**WORK INSTRUCTION:** Among the lines of the records below, copy those that hold the word "with".

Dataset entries
━━━━━━━━━━━━━━━━━━━━
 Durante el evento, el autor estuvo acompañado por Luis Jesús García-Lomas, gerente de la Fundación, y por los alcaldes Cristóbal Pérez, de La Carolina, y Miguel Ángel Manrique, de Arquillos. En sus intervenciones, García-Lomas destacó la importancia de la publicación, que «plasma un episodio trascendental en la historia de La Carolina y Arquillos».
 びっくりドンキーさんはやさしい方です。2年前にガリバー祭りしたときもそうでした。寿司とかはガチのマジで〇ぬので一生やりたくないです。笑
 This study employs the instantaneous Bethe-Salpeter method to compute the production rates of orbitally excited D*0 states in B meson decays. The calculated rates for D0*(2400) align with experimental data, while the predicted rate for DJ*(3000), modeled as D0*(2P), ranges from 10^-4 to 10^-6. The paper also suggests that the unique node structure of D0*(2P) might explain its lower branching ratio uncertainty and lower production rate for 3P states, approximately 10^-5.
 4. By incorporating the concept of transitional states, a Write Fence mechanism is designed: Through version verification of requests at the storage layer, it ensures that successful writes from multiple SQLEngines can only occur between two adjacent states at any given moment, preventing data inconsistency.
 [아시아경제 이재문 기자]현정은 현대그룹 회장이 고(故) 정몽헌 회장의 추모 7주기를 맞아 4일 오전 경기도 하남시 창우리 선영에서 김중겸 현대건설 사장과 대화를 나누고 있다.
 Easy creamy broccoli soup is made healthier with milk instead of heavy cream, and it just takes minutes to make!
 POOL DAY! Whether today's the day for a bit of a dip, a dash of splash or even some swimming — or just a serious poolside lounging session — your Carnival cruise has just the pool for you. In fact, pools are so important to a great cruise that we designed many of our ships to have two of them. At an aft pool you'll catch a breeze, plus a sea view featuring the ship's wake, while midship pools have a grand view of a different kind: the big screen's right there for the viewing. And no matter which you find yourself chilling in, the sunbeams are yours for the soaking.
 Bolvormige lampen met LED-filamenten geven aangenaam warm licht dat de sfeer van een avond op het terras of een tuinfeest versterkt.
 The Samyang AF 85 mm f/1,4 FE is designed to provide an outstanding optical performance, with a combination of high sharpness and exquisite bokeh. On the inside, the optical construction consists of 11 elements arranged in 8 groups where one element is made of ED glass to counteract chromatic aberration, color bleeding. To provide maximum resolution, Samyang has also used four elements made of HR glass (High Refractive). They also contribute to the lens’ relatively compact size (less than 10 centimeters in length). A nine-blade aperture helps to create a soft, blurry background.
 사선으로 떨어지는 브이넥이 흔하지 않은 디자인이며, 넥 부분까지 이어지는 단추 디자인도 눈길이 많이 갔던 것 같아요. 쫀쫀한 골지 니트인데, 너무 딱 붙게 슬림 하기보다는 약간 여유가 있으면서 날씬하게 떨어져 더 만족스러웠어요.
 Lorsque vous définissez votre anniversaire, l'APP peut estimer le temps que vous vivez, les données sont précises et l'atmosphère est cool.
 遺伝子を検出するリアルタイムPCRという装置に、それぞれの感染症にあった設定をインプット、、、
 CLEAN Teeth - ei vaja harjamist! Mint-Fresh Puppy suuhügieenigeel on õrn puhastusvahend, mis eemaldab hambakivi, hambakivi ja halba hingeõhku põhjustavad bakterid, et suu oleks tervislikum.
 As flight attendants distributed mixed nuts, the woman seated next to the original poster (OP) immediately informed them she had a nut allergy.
━━━━━━━━━━━━━━━━━━━━
**RESPONSE AREA:**
 This study employs the instantaneous Bethe-Salpeter method to compute the production rates of orbitally excited D*0 states in B meson decays. The calculated rates for D0*(2400) align with experimental data, while the predicted rate for DJ*(3000), modeled as D0*(2P), ranges from 10^-4 to 10^-6. The paper also suggests that the unique node structure of D0*(2P) might explain its lower branching ratio uncertainty and lower production rate for 3P states, approximately 10^-5.
 Easy creamy broccoli soup is made healthier with milk instead of heavy cream, and it just takes minutes to make!
 The Samyang AF 85 mm f/1,4 FE is designed to provide an outstanding optical performance, with a combination of high sharpness and exquisite bokeh. On the inside, the optical construction consists of 11 elements arranged in 8 groups where one element is made of ED glass to counteract chromatic aberration, color bleeding. To provide maximum resolution, Samyang has also used four elements made of HR glass (High Refractive). They also contribute to the lens’ relatively compact size (less than 10 centimeters in length). A nine-blade aperture helps to create a soft, blurry background.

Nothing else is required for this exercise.